** Records supplied follows **

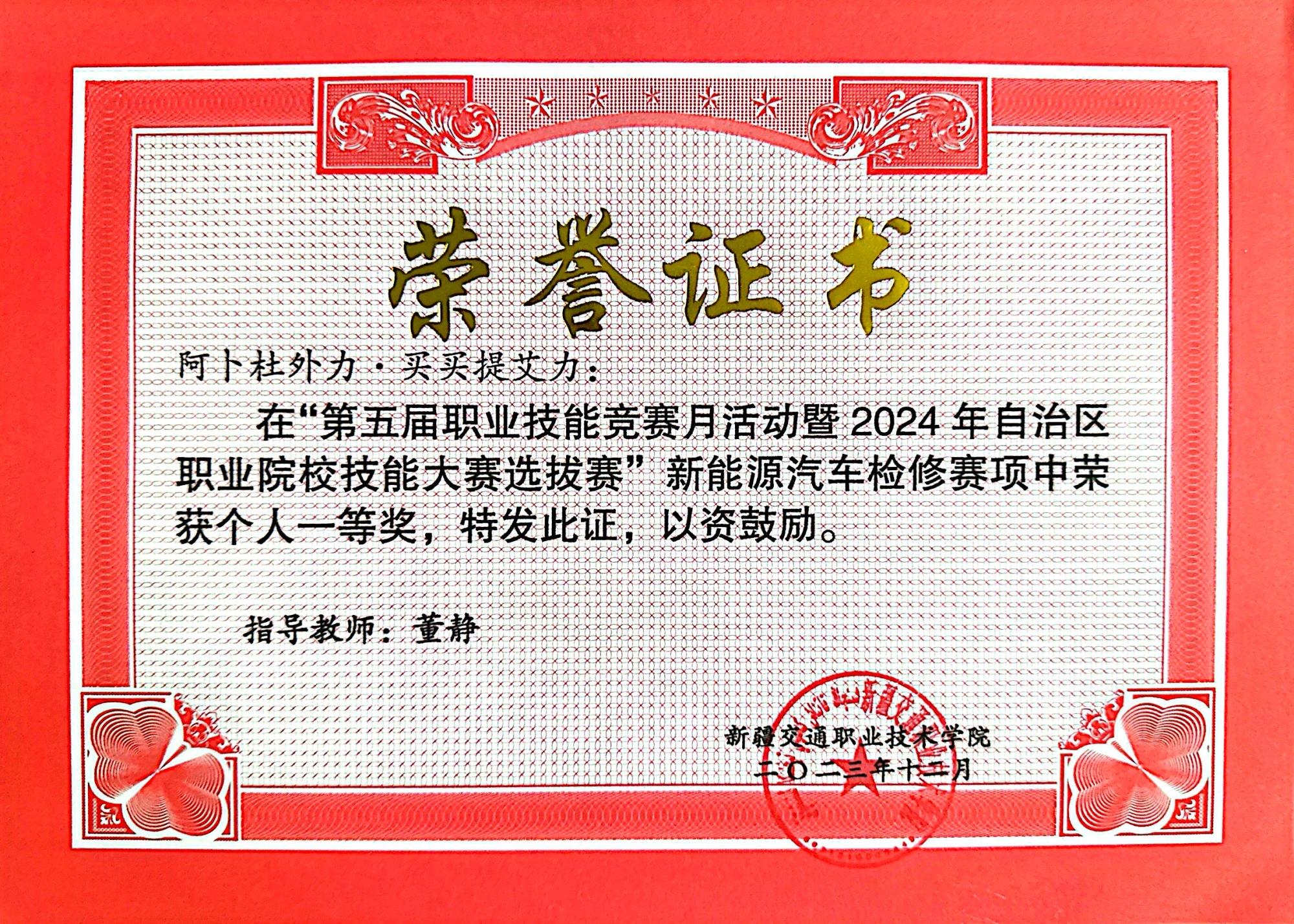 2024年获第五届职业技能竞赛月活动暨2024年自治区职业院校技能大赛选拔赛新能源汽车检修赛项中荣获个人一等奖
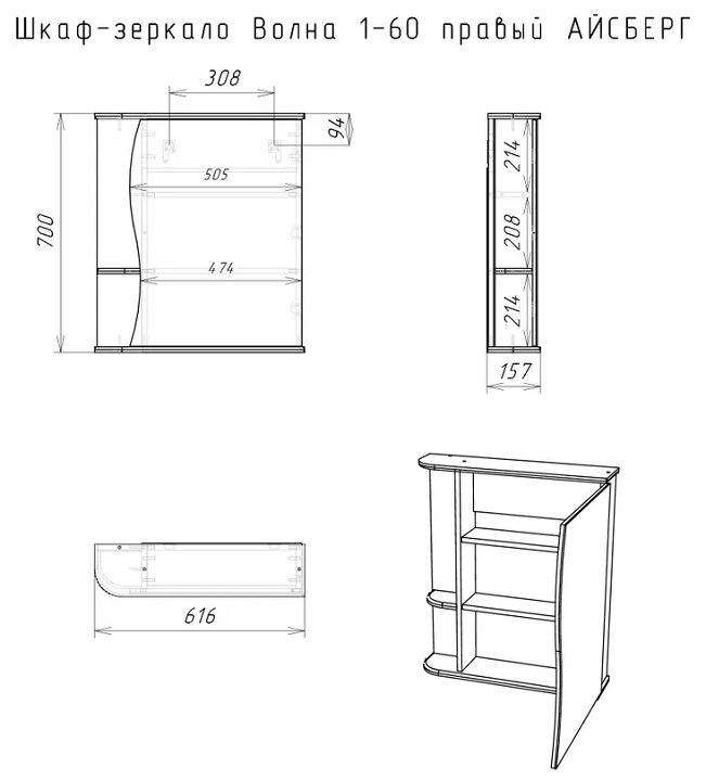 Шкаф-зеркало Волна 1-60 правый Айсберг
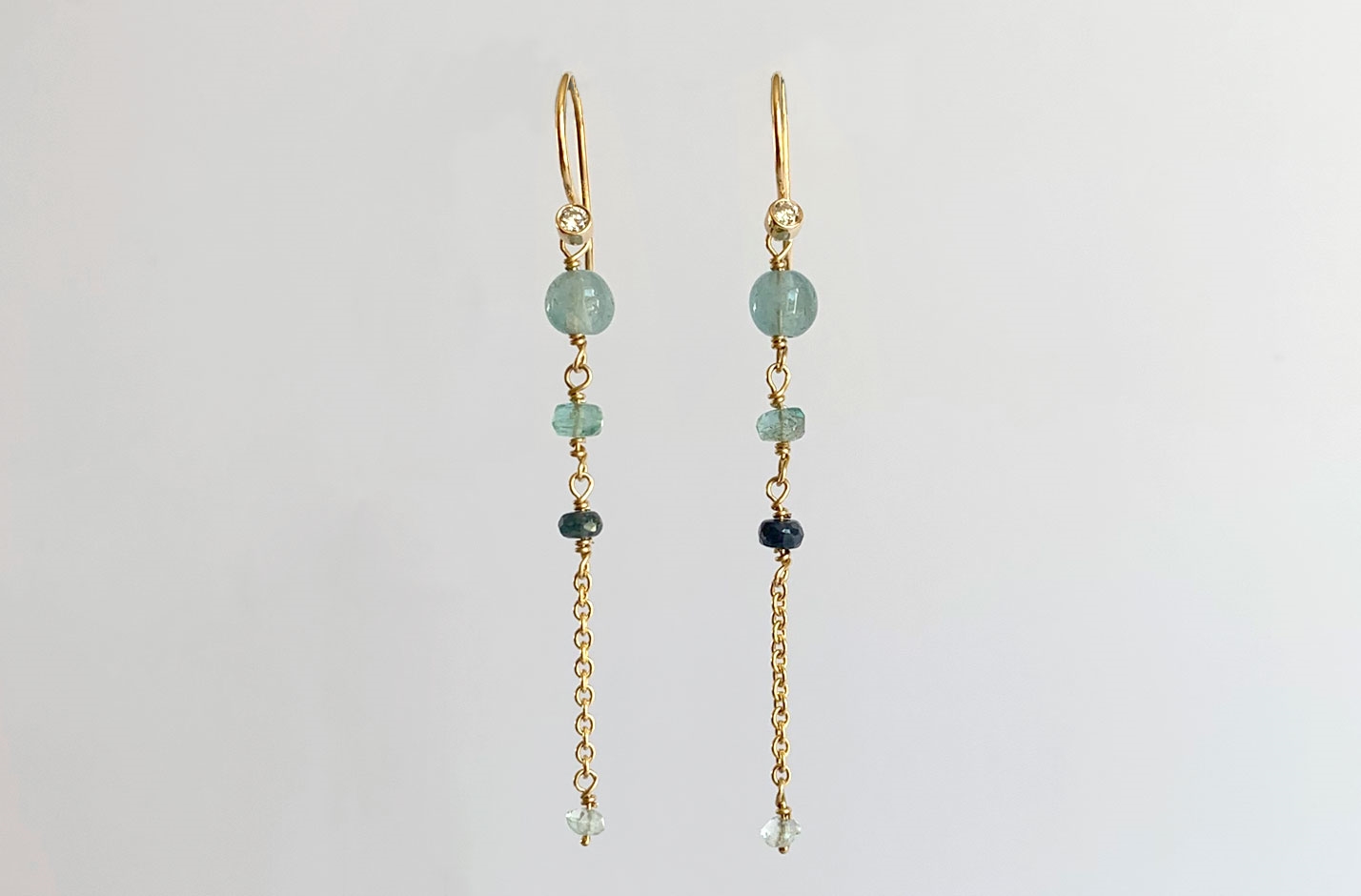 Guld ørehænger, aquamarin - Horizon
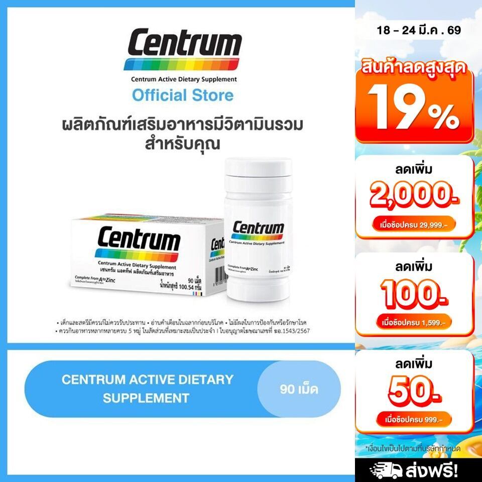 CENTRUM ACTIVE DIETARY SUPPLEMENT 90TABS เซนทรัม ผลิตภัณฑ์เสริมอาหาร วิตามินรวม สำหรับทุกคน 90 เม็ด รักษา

** End of Records supplied **
** Records supplied follows **

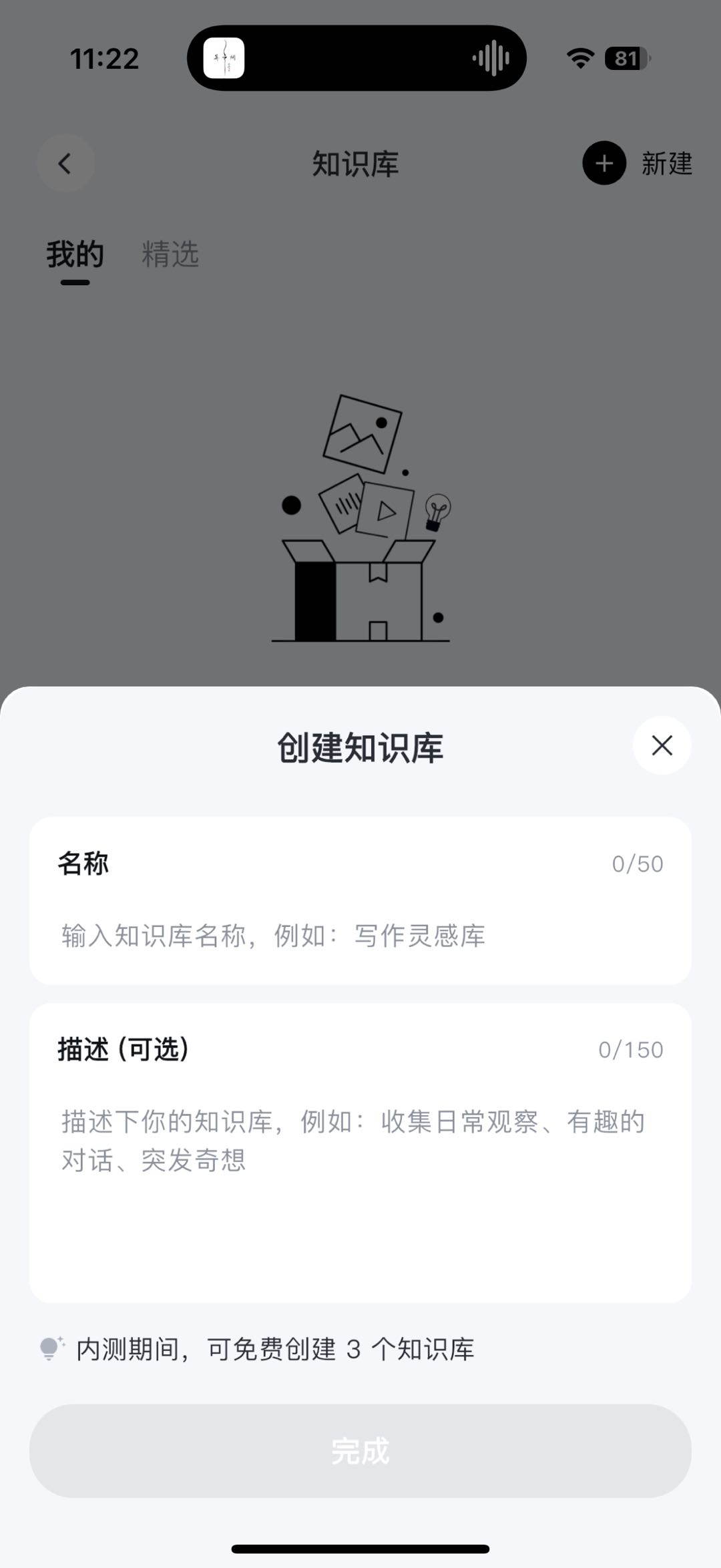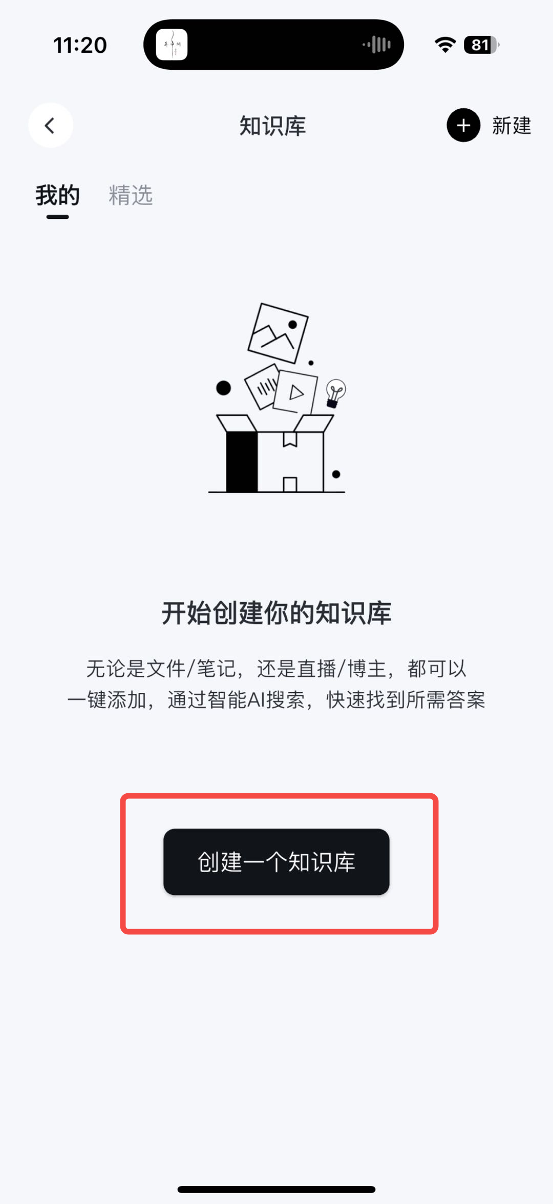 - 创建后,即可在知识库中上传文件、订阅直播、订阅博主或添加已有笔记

** End of Records supplied **

Action item
Could you write out exactly the lines of the data above that run from the one holding "Шкаф-зеркало Волна 1-60 правый Айсберг" to the one holding "CENTRUM ACTIVE DIETARY", with both ends in and all pictures out?

Result
 Шкаф-зеркало Волна 1-60 правый Айсберг
 Guld ørehænger, aquamarin - Horizon
 CENTRUM ACTIVE DIETARY SUPPLEMENT 90TABS เซนทรัม ผลิตภัณฑ์เสริมอาหาร วิตามินรวม สำหรับทุกคน 90 เม็ด รักษา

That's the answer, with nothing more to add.